From her home port, Naval Station Norfolk, Norfolk, Virginia, Forrestal spent the first year of service in intensive training operations off the Virginia Capes and in the Caribbean. In May 1956, Captain Johnson was relieved by Captain William Edward Ellis. An important assignment was training aviators in the use of her advanced facilities. During this time she often operated out of Naval Station Mayport, Florida. On 7 November 1956, she put to sea from Mayport to operate in the eastern Atlantic during the Suez Crisis, ready to enter the Mediterranean Sea should it be necessary. She returned to Norfolk on 12 December to prepare for her first deployment with the 6th Fleet in the Mediterranean, for which she sailed on 15 January 1957.

On this, as on her succeeding tours of duty in the Mediterranean, Forrestal visited many ports to "show the flag" and take on board dignitaries and the general public. For military observers, she staged underway demonstrations to illustrate her capacity to bring air power to and from the sea in military operations on any scale. She returned to Norfolk on 22 July 1957 for exercises off the North Carolina coast in preparation for her first NATO operation, Operation Strikeback in the North Sea. This deployment, between 3 September and 22 October, found her visiting Southampton, UK, as well as drilling in the highly important task of coordinating United States naval power with that of other NATO nations.
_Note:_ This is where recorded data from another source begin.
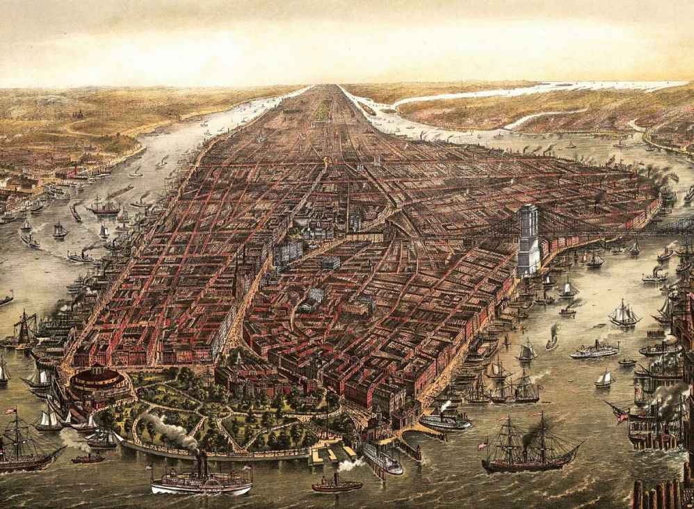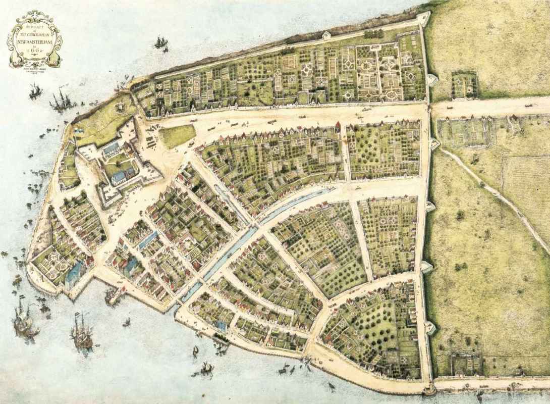 两幅图对比显示了近现代城镇的沿革。左图是目前已知最早的新阿姆斯特丹城市地图,创作于1660年。新阿姆斯特丹原是荷兰殖民者从美洲印第安人手中购买的岛屿曼哈顿,后来改称纽约。右图是工业化后期曼哈顿的城市俯瞰图,大致延续了左图的城市规划格局。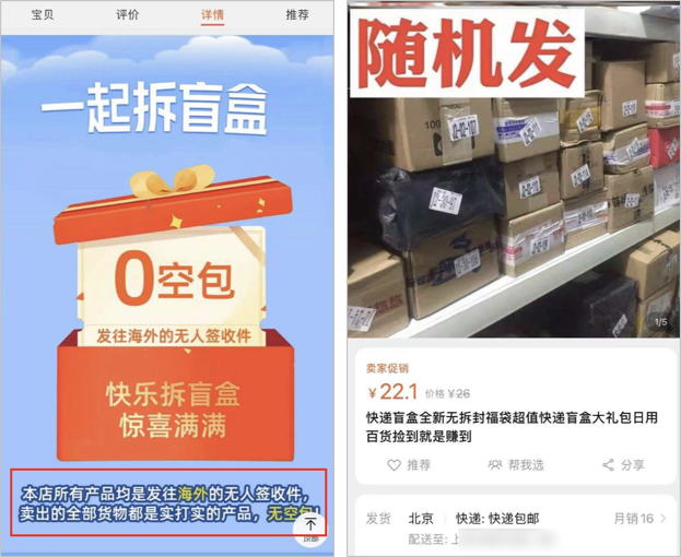 于是,我赶快去扒了一扒所谓的「快递盲盒」,发现里面的“猫腻”还真不少……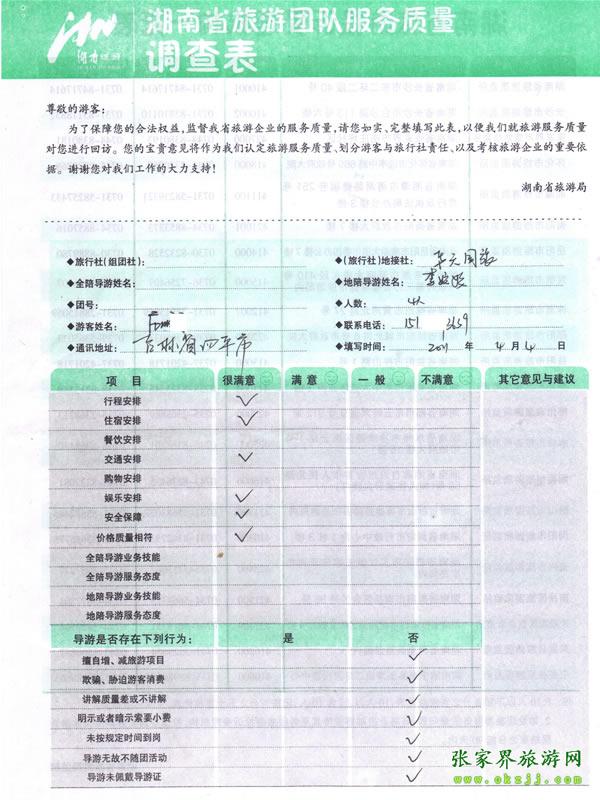 - 游客夏先生為表?yè)P(yáng)導(dǎo)游李姣姣寫(xiě)來(lái)表?yè)P(yáng)信致我張家界... [14811]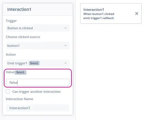 상호작용에서 트리거로 선택할 때 커스텀 트리거의 이름을 지정하는 규칙은 다음과 같습니다. <Custom Container Name> <Custom Trigger name> happens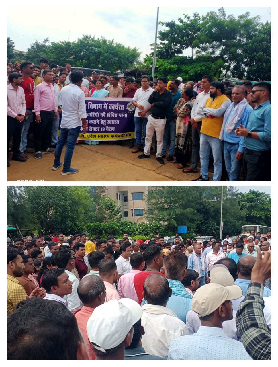 कुंजूरात्रे महासमुंद छत्तीसगढ़ प्रदेश स्वास्थ्य कर्मचारी संघ द्वारा अपने लंबित मांगों के समर्थन में दिनांक 09/09/2024 स्वास्थ्य संचनालय भवन का पुरजोर विरोध करते हुए घेराव किया गया, जिसमें स्वास्थ्य विभाग में किसी भी योजना या मद के अंतर्गत(एन एच एम,जीवन दीप, स्वाशासी,अधिशासी,डी एम एफ,)कार्यरत अनियमित,संविदा, दैनिक वेतन भोगी, मानदेय या आउटसोर्स अधिकारी -कर्मचारियों के लिए बिंदु क्रमांक 01 एवं 05 में उल्लेख मांगों के अनुसार नियमितीकरण, स्थायीकरण,62 वर्ष ज्वाब सुरक्षा,आउटसोर्स पुर्णत बंद,समान काम समान वेतन,27% एवं 4000 रूपये वेतन वृद्धि करने कि मांग को लेकर समस्त स्वास्थ्य केन्द्रो को एक दिवस के लिए बंद करते हुए आंदोलन किया,जिसके विरोध में छत्तीसगढ़ प्रदेश स्वास्थ्य कर्मचारी प्रकोष्ठ संघ सभी अधिकारी कर्मचारियों ने अपनी जायज मांगों के लिए एक दिवस का अवकाश लेकर स्वास्थ्य संचनालय नया रायपुर का घेराव किया गया। जिसमें मुख्य रूप से कर्मचारी संघ के राष्ट्रीय उपाध्यक्ष एवं संरक्षक आदरणीय ओ पी शर्मा जी,प्रान्ताध्यक्ष आदरणीय आलोक मिश्रा जी, प्रांतीय संयोजक एवं प्रदेश अध्यक्ष आदरणीय शुशील कुमार गुप्ता जी के सानिध्य में महासमुंद जिला अध्यक्ष कामिनी चन्द्राकर जी,विनोद महोबिया जी,आत्मा राम साहू जी,भुनेश्वर राव भोसले जी,जितेन्द्र साहु जी,टिकेश यादव जी,ईश्वर राव भोसले जी,संतराम निषाद जी,भुपेंद्र गिरी जी,राज बाई,प्रिती सहिस, गोपाल बुंदेल,लता बुंदेल,रामेश्वर डड्सेना, पुर्णिमा सिंन्हा,मायावती पटेल,योगेन्द्र पंडा,केशी कुमार सहित पुरे प्रदेश के दैनिक वेतनभोगी कलेक्टर दर अनियमित कर्मचारी साढ़े चार हजार की बड़ी संख्या में उपस्थित थे।

The next year found Forrestal participating in a series of major fleet exercises as well as taking part in experimental flight operations. During the Lebanon crisis of 1958, the carrier was again called upon to operate in the eastern Atlantic to back up naval operations in the Mediterranean. She sailed from Norfolk on 11 July to embark an air group at Mayport two days later, then patrolled the Atlantic until returning to Norfolk on 17 July.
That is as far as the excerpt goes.